WOULD EMERGENCY USE DERAIL FULL ANSWERS?
Normally when a study ends because of evidence that a vaccine is working, the participants who got dummy shots are offered the real thing.
But if FDA allows emergency use of a COVID-19 vaccine and participants in the placebo group are immediately offered the real shot, researchers may not be able to get answers about a long list of remaining questions, the agency’s advisers warned.
Among the concerns: It may not be clear if the first vaccines prevent people from spreading the coronavirus or just from getting seriously ill. They so far haven’t been studied in pregnant women, and tests are just beginning in certain children.
And with multiple shots in the pipeline — made with different technologies that each have pros and cons — the first approved may not be the best. Yet if the public perceives one vaccine works, they may be reluctant to help test another.
Dr. James Hildreth, president of Meharry Medical College, worried that putting out a vaccine that’s been inadequately tested in African Americans will only increase distrust.
“That would be a total disaster,” agreed fellow adviser Dr. Luigi Notarangelo of the National Institutes of Health.
FDA acknowledged it will be hard to ensure that full testing is finished once emergency vaccinations begin.
“Once a decision is made to unblind an ongoing placebo-controlled trial, that decision cannot be walked back and that controlled follow-up is lost forever,” Fink said. Asked how to avoid losing that crucial information, he acknowledged: “I don’t have any specific remedies to offer at this time.”
It’s an unprecedented dilemma. The FDA has previously allowed emergency use of only one vaccine, a decades-old shot that in 2005 was authorized to prevent anthrax poisoning.

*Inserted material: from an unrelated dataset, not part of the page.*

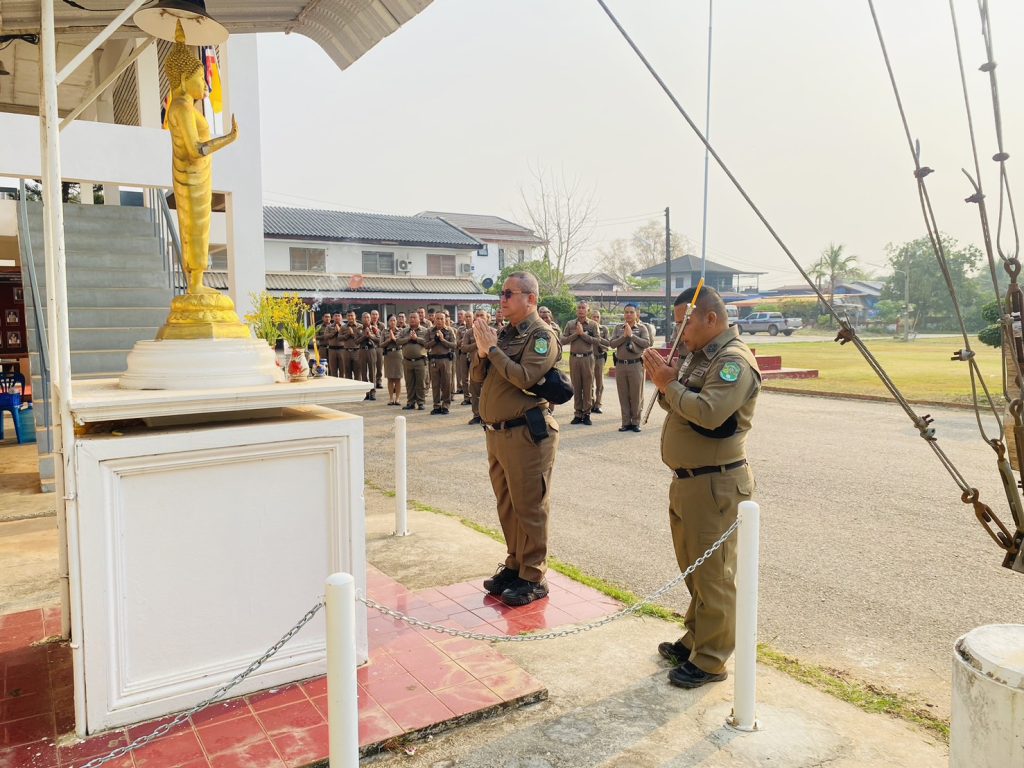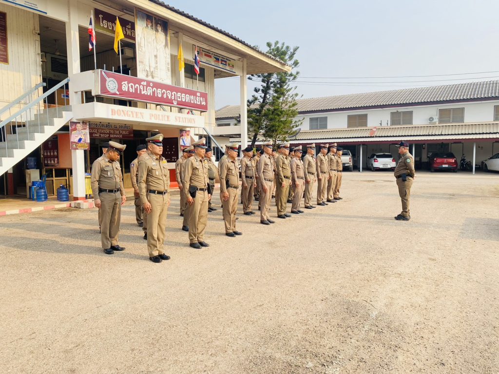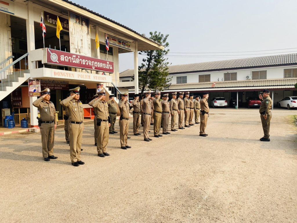 ร่วมแถวเคารพธงชาติ ประจำสัปดาห์ พร้อมแจ้งข้อราชการต่าง ๆ จากหน่วยเหนือ ณ สภ.ดงเย็น

WHAT ABOUT LONG-TERM SAFETY MONITORING?
Even a study of 30,000 people cannot spot a side effect that only strikes 1 in 100,000. So the government is planning extra scrutiny of every COVID-19 vaccine to hit the market.
At first there will be limited doses given to just certain high-risk people — and those early recipients are to get text messages daily for the first week after vaccination, and then weekly out to six weeks, asking how they’re feeling.
FDA also will be checking databases of electronic health records and insurance claims, looking for any red flags.